Меня часто просили и просят описать Плутон. Признаюсь сразу: подобрать нужные слова неимоверно сложно. Да, поверхность гладкая; да, там всегда темно, даже в светлое время суток. Солнце выглядит с Плутона этакой крохотной звездочкой, немногим ярче остальных, потому солнечный свет сюда не доходит и, естественно, не слепит глаза. Планета лишена воздуха и воды, на ней царит жуткий холод. Однако холод, с человеческой точки зрения, вещь относительная. Как только температура опускается до ста градусов Кельвина, человеку уже все равно, будет ли она понижаться дальше, особенно если человек в скафандре с системой жизнеобеспечения. Без такого скафандра на Плутоне можно протянуть от силы несколько секунд. Вас погубит либо холод, либо внутреннее давление — какая разница? Или замерзнуть приятнее, нежели разлететься перед тем на кусочки?

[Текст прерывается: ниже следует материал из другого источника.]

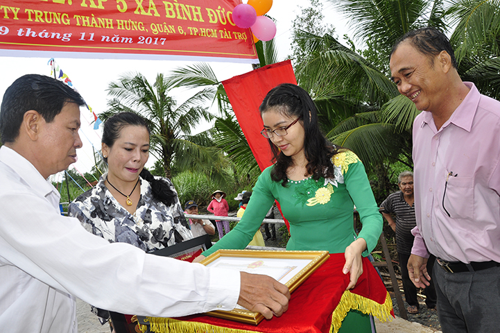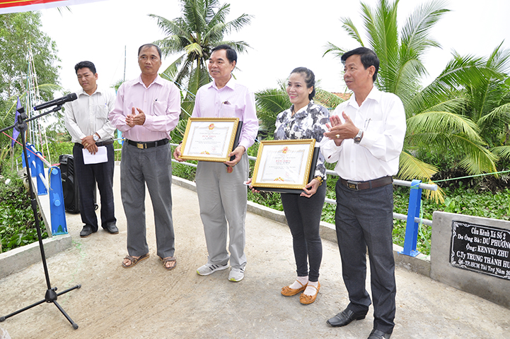 Để ghi nhận sự hảo tâm của các mạnh thường quân, Uỷ ban Nhân dân tỉnh Long An đã trao tặng giấy khen đến ông bà Duy Phương; ông Ken Hơ Dzum.

В общем, на Плутоне темно и холодно, воздуха нет, а поверхность планеты изумительно ровная. Но это лишь внешние признаки. Стоит взглянуть на Солнце, как понимаешь, в какую даль ты забрался, на самый край Солнечной системы, за которым — неизведанная бездна. Впрочем, не совсем так, ибо существует еще десятая планета, пускай в теории, но существует; и потом, не нужно забывать о миллионах комет, которые тоже принадлежат к системе, хотя настолько далеки, что вспоминают о них крайне редко. Потому можно уверить себя: дескать, какой же это край, если за ним кометы и гипотетическая десятая планета? Но рационализация, как правило, не выдерживает поверки практикой: доводы рассудка опровергаются тем, что твердят вам органы чувств. На протяжении сотен лет Плутон являлся чем-то вроде форпоста системы; и вот, господи боже, вы стоите на Плутоне, в невообразимом далеке от дома, и ощущаете громадность расстояния от Земли на собственной шкуре. Вы словно затерялись в пространстве или очутились в темном закоулке, из которого ну никак не выбраться на залитые светом широкие улицы.

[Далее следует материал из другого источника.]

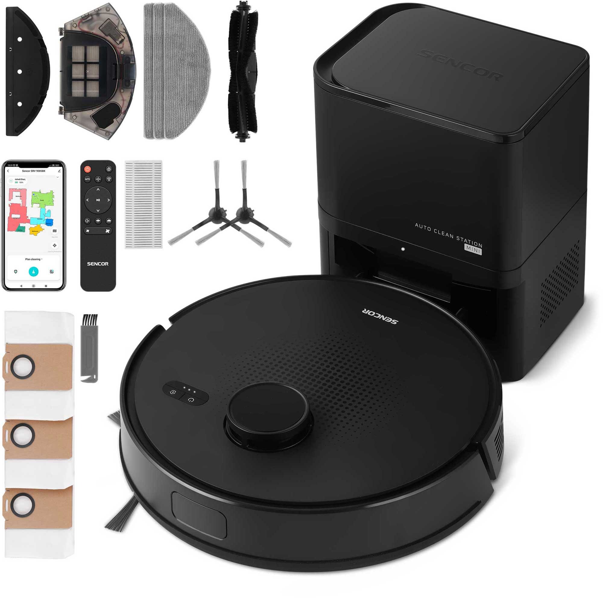 Robotický vysávač s mopom – pre alergikov, na zvieracie chlpy a antibakteriálny, na všetky druhy podláh, na suché čistenie, HEPA, senzor proti nárazu, pokračovanie upratovania po samostatnom dobití, vysávanie viacerých miestností, senzor proti pádu zo schodov, predvoľba miestností na upratovanie, funkcia proti zamotaniu káblov, hovoriaci po česky a hovoriaci po slovensky, kefy odolné proti namotávaniu vlasov, mäkčené kolieska, ovládanie mobilnou aplikáciou, plastová zberná nádoba, 1 bočná kefa, prekoná prekážky do výšky 1,6 cm, laserová, gyroskopická a LiDAR navigácia, doba prevádzky 130 min, doba nabíjania 5 h, hlučnosť 60 dB, príkon 40 W, rozmery 9,7 × 32 × 32 cm (V׊×H), akumulátor a nabíjacia stanica súčasťou balenia Robotický vysávačSRV 9085BKRobotický vysávač Sencor SRV 9085BK pre ľahké upratovanie s perfektným výsledkomUpratovanie pevných podláh a kobercov je s inteligentným robotickým vysávačom Sencor SRV 9085

Вы чувствуете не тоску по дому, нет, вам чудится, будто дома у вас никогда и не было, будто внезапно разорвались все и всяческие связи. Разумеется, постепенно свыкаешься со своей участью — по крайней мере, пытаешься свыкнуться, а получается ли — другой вопрос.

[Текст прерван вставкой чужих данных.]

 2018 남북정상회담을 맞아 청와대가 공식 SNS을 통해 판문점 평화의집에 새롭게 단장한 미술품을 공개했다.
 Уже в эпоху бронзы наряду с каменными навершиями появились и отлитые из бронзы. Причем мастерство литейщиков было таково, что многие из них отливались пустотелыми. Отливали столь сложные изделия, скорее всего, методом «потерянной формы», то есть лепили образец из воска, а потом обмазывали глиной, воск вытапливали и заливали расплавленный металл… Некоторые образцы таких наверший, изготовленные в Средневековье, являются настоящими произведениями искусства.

Мы вышли из корабля и ступили на поверхность Плутона. Первое, что удивило нас, — близость горизонта; на Луне он гораздо дальше. Мы сразу ощутили, что находимся на маленькой планете. Горизонт бросился нам в глаза даже раньше тех сооружений, что представлялись на фотографиях со спутника черными точками, тех, которые мы и прилетели исследовать. Да, сооружения или конструкции; слово «здания» к ним явно не подходило. Здания подразумевают замкнутое пространство, а здесь этого не было. Сооружения напоминали недостроенные купола: переплетение балок и опор, соединенных скобами и распорками. Впечатление было такое, будто кто-то взялся возводить их и не довел дело до конца. Всего конструкций насчитывалось три, причем одна значительно превосходила размерами две другие. Возможно, я несколько упростил картину: помимо балок и прочего, сооружения изобиловали деталями, которые, на наш взгляд, не несли никакой сколько-нибудь полезной нагрузки.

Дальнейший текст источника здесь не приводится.